Problem nie ogranicza się wyłącznie do VAT. KE przywołała publikowane w przeszłości raporty dotyczące polskiego CIT, z których wynika, że w latach 2018-2020 traciliśmy nawet 30 proc. potencjalnych wpływów z podatku od firm. To również dawałoby nam miejsce na „podium wstydu” w UE. KE wstępnie szacuje polską lukę w CIT na nie większą 20 proc. potencjalnych wpływów. Nadal byłoby to znacznie więcej, niż wynosi unijna średnia (10,9 proc.).
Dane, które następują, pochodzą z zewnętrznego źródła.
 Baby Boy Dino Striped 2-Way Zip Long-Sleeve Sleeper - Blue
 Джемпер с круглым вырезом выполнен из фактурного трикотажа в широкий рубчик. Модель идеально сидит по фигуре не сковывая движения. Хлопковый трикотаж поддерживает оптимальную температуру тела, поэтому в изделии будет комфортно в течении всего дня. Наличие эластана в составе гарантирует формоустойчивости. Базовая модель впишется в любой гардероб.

Wyjątkowo wysoka okazuje się też wartość polskiej „szarej strefy”. W 2022 r. stanowiła ona równowartość 21,9 proc. polskiego PKB. To o 4 pkt proc. więcej, niż wynosi unijna średnia. Szacunki na 2025 r. mówią o 18,4 proc. PKB, co zdaniem KE nadal jest wynikiem niepokojącym.
Rekomendacje Komisji
Raport KE zawiera również pochwały wobec naszego fiskusa, np. za digitalizację rozliczeń podatkowych, walkę z oszustwami podatkowymi, czy niższy niż średnia UE poziom zaległości podatkowych. System wymaga jednak poprawek – uważa Bruksela.
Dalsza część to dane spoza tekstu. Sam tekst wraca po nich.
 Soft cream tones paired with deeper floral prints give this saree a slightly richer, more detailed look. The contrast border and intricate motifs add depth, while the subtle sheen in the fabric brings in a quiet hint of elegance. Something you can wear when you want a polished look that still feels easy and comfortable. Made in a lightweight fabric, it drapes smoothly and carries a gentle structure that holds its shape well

Przypomniano w tym kontekście raport Międzynarodowego Funduszu Walutowego zachęcający Polskę do ograniczenia obecnej liczby obniżonych stawek VAT. KE nie sugeruje tego wprost, ale przypomina wzrost dochodów budżetowych po tym, gdy w 2023 r. przywrócono podstawową stawkę VAT na dostawy gazu, paliw, prądu i ciepła. Mniej stawek obniżonych oznaczałoby więcej pieniędzy dla budżetu. Pomóc w tym miałoby również publikowanie danych o luce nie tylko w VAT, ale też w CIT i innych podatkach.
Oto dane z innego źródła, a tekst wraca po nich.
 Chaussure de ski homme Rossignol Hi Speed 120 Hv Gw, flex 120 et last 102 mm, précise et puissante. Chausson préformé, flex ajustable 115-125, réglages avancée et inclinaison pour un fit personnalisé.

KE skupia się przede wszystkim na luce VAT. Od 2012 r. do 2021 r. luka znacząco malała. Później jednak nastąpił wzrost, którego szczytem był 2023 r. Odpowiadał za to wyjątkowo wysoki poziom bankructw polskich firm i szara strefa, której sprzyja specyfika gospodarki. W coraz większym stopniu polega ona na świadczeniu usług (np. restauracyjnych, zakwaterowania, rekreacyjnych), gdzie łatwiej niż przy dostawie towarów uniknąć prawidłowego rozliczenia z fiskusem. Za lukę odpowiadały też klasyczne oszustwa w handlu wewnątrzwspólnotowym. Straty z tego tytułu w 2023 r. oszacowano na 1,5 mld euro (według obecnego kursu byłoby to ponad 6,3 mld zł). Nie jest to jednak wyłącznie polska specyfika.
Traci cała Unia
- Polska wpisuje się w trendy występujące we wszystkich państwach członkowskich. Można jedynie żywić nadzieję, że planowane przez KE zmiany wdrażane przez tzw. pakiet VIDA (VAT in the Digital Age) przyczynią się do zminimalizowania oszustw karuzelowych z udziałem znikających podatników. – komentuje Adam Bartosiewicz, doradca podatkowy, radca prawny i profesor Uniwersytetu Jana Długosza w Częstochowie.
Daniel Więckowski, doradca podatkowy, partner w LTCA, uważa, że wysoki poziom polskiej luki VAT za 2023 r. mógł być anomalią, a dane za kolejne lata powinny potwierdzić jej spadek. – Do ograniczenia strat z pewnością przyczynią się też reformy, jak wdrożenie Krajowego Systemu e-Faktur – przewiduje ekspert.
Adam Bartosiewicz zastanawia się jednak, czy nawet zreformowany unijny system VAT będzie w stanie sprostać opodatkowaniu konsumpcji. Staje się ona coraz bardziej cyfrowa, a w dodatku dostarczana coraz bardziej rozproszonymi kanałami (w tym z krajów trzecich). Luka VAT może więc pozostać problemem również w przyszłości.